◆ **TASK PROMPT**
Below are entries; copy exactly the lines from the one with "Modal Chanderi embroidered" through the one with "Men's Luxury Moon", both included, and leave out the rest.

◆ **GIVEN DATA**
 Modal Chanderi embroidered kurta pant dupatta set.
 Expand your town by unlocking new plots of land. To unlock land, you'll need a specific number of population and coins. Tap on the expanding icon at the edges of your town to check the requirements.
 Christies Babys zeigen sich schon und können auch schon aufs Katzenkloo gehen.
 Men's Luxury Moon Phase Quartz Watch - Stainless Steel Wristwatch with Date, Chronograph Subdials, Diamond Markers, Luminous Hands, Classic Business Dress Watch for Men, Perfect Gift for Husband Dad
* * *
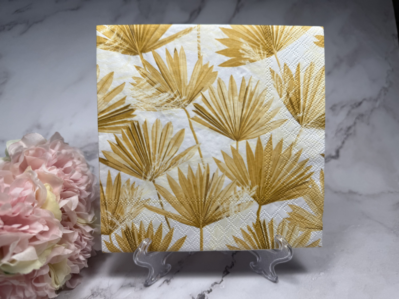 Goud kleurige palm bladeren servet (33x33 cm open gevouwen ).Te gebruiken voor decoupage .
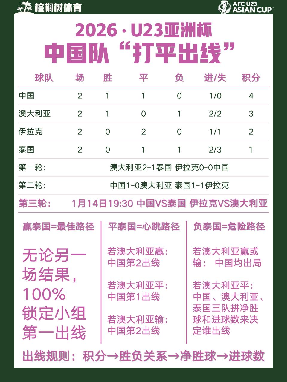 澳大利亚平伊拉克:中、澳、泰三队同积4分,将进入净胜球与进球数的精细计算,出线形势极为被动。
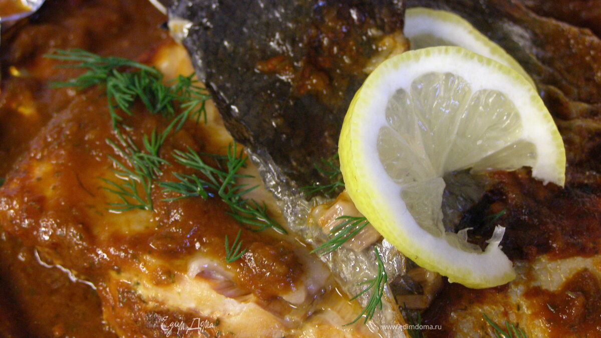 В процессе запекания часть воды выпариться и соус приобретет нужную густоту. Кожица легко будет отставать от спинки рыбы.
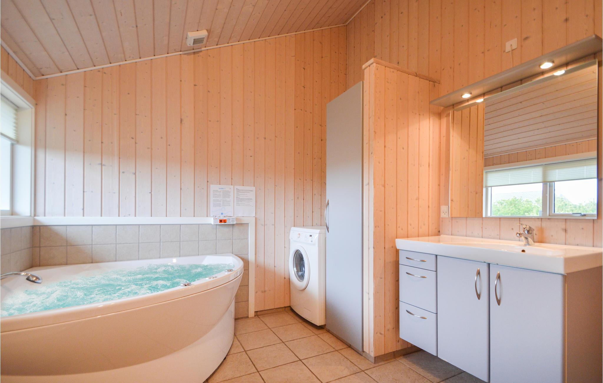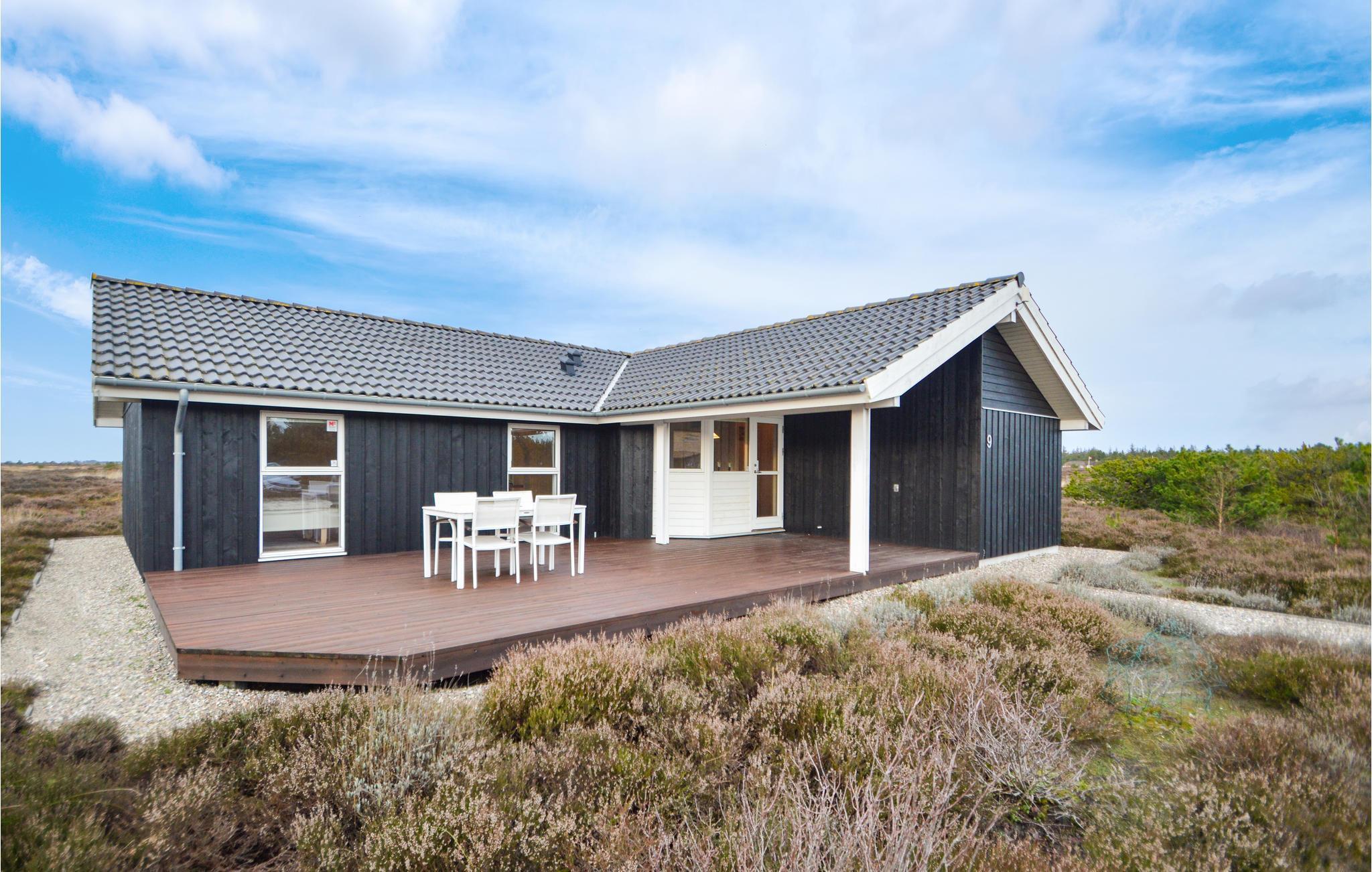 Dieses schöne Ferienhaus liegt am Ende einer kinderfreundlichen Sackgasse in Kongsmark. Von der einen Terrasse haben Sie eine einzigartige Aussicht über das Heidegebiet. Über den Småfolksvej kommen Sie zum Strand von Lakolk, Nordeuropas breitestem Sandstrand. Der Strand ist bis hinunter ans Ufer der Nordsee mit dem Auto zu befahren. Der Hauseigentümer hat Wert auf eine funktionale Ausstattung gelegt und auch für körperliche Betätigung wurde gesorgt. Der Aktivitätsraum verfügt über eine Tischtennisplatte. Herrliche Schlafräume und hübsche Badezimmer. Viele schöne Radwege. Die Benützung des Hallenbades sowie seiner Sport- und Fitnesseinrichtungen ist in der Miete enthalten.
--
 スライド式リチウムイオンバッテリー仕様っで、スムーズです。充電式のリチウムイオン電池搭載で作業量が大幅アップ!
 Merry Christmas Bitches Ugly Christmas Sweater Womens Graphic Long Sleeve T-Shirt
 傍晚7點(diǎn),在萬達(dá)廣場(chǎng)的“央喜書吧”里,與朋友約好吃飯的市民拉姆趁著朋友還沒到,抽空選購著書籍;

◆ **ANSWER TO THE PROBLEM**
 Modal Chanderi embroidered kurta pant dupatta set.
 Expand your town by unlocking new plots of land. To unlock land, you'll need a specific number of population and coins. Tap on the expanding icon at the edges of your town to check the requirements.
 Christies Babys zeigen sich schon und können auch schon aufs Katzenkloo gehen.
 Men's Luxury Moon Phase Quartz Watch - Stainless Steel Wristwatch with Date, Chronograph Subdials, Diamond Markers, Luminous Hands, Classic Business Dress Watch for Men, Perfect Gift for Husband Dad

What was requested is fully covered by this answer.